C'etait toujours, comme on le voit, la meme vanite, la meme fureur, et la
meme promptitude a devancer les craintes populaires. Custine et Biron, en
effet, allaient devenir les deux objets de la fureur generale, et c'etait
Marat qui, malade et mourant, avait encore eu l'honneur de l'initiative.
Charlotte Corday, pour l'atteindre, etait donc obligee d'aller le chercher
chez lui. D'abord elle remit la lettre qu'elle avait pour Duperret,
remplit sa commission aupres du ministre de l'interieur, et se prepara a
consommer son projet. Elle demanda a un cocher de fiacre l'adresse de
Marat, s'y rendit, et fut refusee. Alors elle lui ecrivit, et lui dit
qu'arrivee du Calvados, elle avait d'importantes choses a lui apprendre.
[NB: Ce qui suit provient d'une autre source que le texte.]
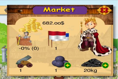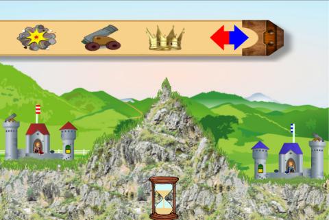 他们之间的两个城堡和一个山丘。这就是您的国王和山坡另一侧的丑陋战士的局势。删除他的城堡,否则他将删除您的城堡。用大炮拍摄,购买球和枪粉,修理您的城堡并尝试生存。

C'etait assez pour obtenir son introduction. Le 13 juillet, en effet, elle
se presente a huit heures du soir. La gouvernante de Marat, jeune femme de
vingt-sept ans, avec laquelle il vivait maritalement, lui oppose quelques
difficultes; Marat, qui etait dans son bain, entend Charlotte Corday, et
ordonne qu'on l'introduise. Restee seule avec lui, elle rapporte ce
qu'elle a vu a Caen, puis l'ecoute, le considere avant de le frapper.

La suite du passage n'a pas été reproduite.